There are probably people who would argue with me as far as the practice of licensing video being the norm in the world of video production, other than the licensing of stock motion footage. Perhaps that may be true in some business models and certainly true in older business models, but I can tell you that has not been my experience.
I should clarify that I do not position myself as a “hired gun”– meaning a camera operator who turns over their footage at the end of the day. I choose to assume the role of producer and maintain control over my intellectual property or the finished video product. I cannot do this in the traditional motion picture industry but that business model is changing due to technology and the influx of indie filmmakers who are making their own rules and bringing their films to market themselves. And for the most part – I can’t do this in high-end broadcast spots when working with a middleman – or ad agency where ultimately their end customer maintains all rights.

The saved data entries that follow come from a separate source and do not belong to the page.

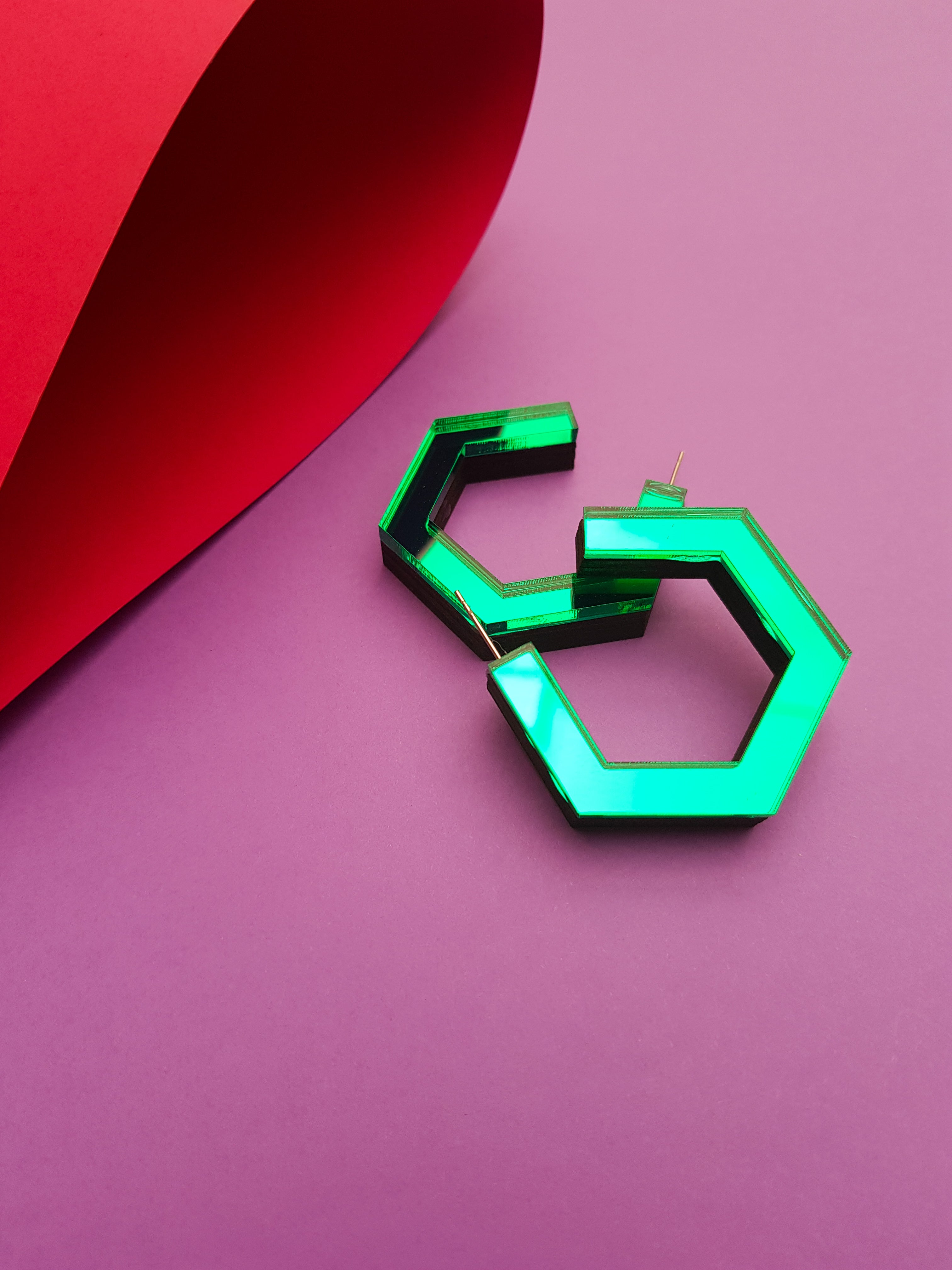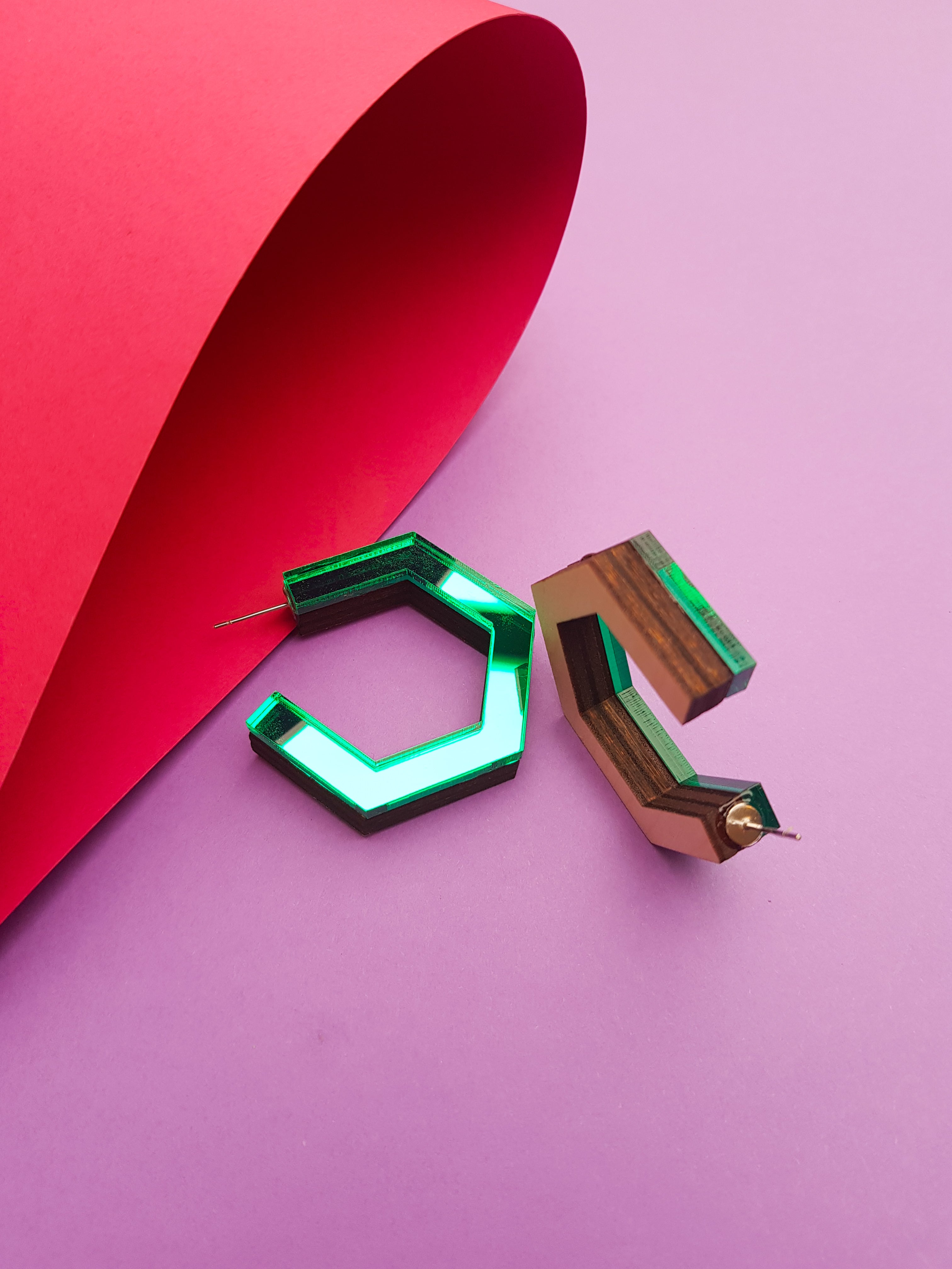 Green hexagonal ply and perspex hoop earrings
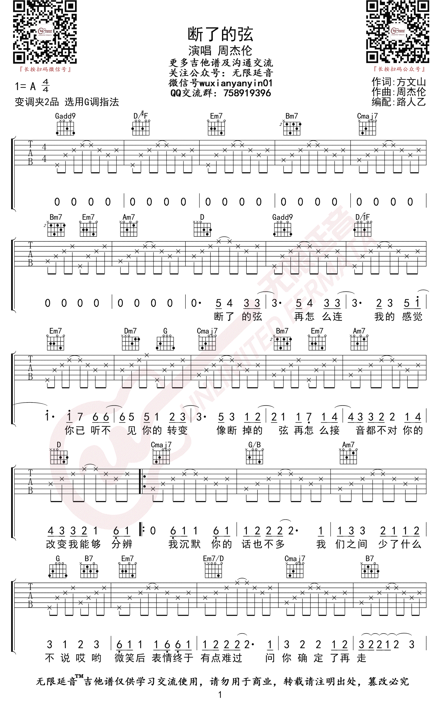 《断了的弦》吉他谱,周杰伦演唱的一首老歌,断了的弦六线谱,原调A,变调夹夹第二品,选用G调指法,无限延音编配出品...
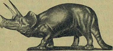 На странице 137 вы видите одного из таких ящеров — трицератопса: он назван так потому, что у него были три рога: два длинных, почти в метр, толстых у основания и острых в конце, рога над глазами; эти рога, направленные прямо вперед, служили трицератопсу страшным оружием; третий, маленький рог приподнимался на носу; этот рог служил, верно, украшением.
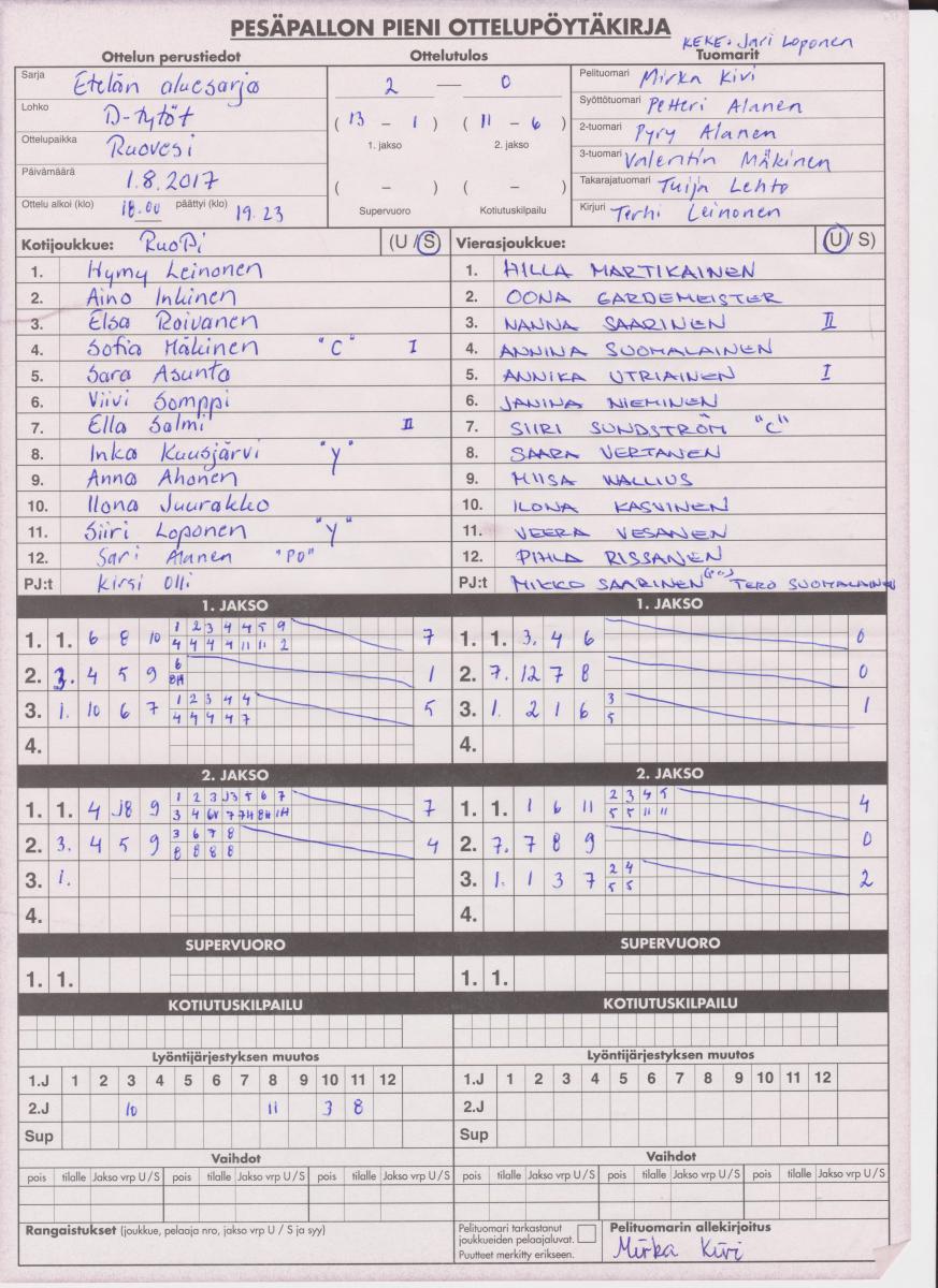 | 1.8.2017 18:00 | RuoPi Dt | Puhti ET | 2-0 (13-1, 11-6) | näytä | |
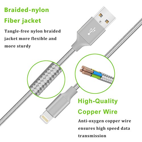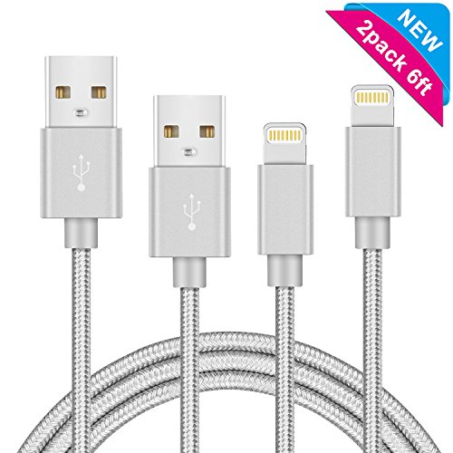 iPhone Cable Nikolable 2pcs 6ft Tangle Free Nylon Braided 8 Pin Durable Cable Charging Cord for iPhone 7 7 Plus 6 6s 6 Plus 6s Plus SE 5c 5s 5 iPad Air Mini iPod Nano Touch (Gray)
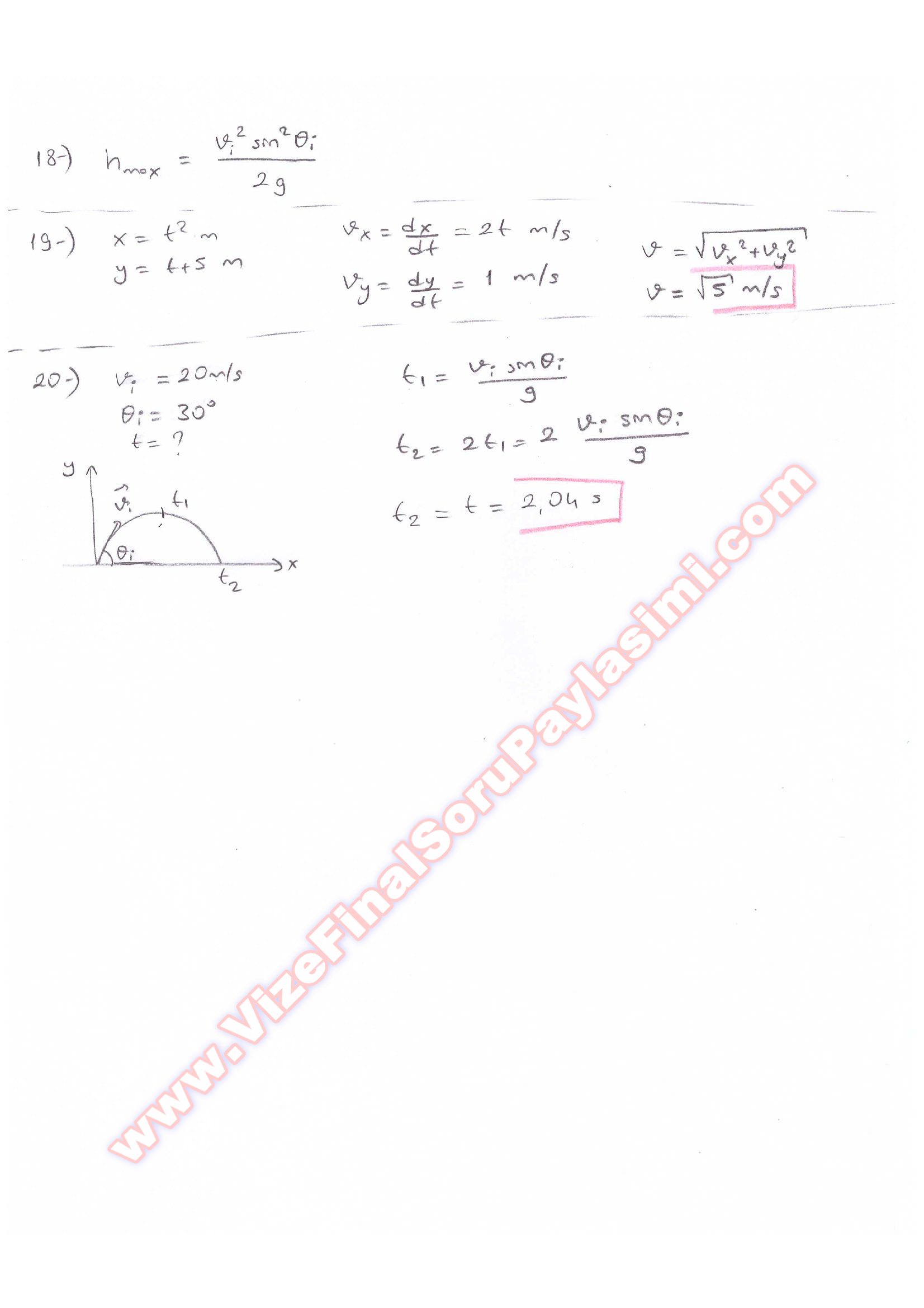 Vize ve Final Soruları / Cumhuriyet Üniversitesi / Fizik-1

However, the demand for video has skyrocketed in recent years and with that has created a new client base who are using video in new ways and on new platforms. I am establishing my own set of rules accordingly. One of them is licensing the finished product just as I did my still images. I can only do that with video productions that I have produced and hold the copyright to.
Typically, I will separate the licensing of my still images from the video product as well as the creative fees. I may be shooting both mediums on the same job but I handle the licensing differently. I have found that video has a shorter shelf life so I am not as concerned about the duration of the license (length of time) as I am with still imagery. But I am concerned about it’s “reach” which these days is global – thanks to YouTube.
Another thing I do is I make sure that it is stated in my contract and/or estimate that the license for the entire video production does NOT include permissions and/or licenses to any still images that are made from frame grabs pulled out of the video footage. Putting this up front in the estimate has actually proved beneficial because if a client does anticipate the need for still images – they will hire me to create stills – rather than take them from frame grabs.
We are living at a time where just about everyone’s business models are changing. So, if someone tells you that licensing video isn’t the norm – outside of the stock motion footage business – think again. What is the norm these days? It may be the precedent we are setting now.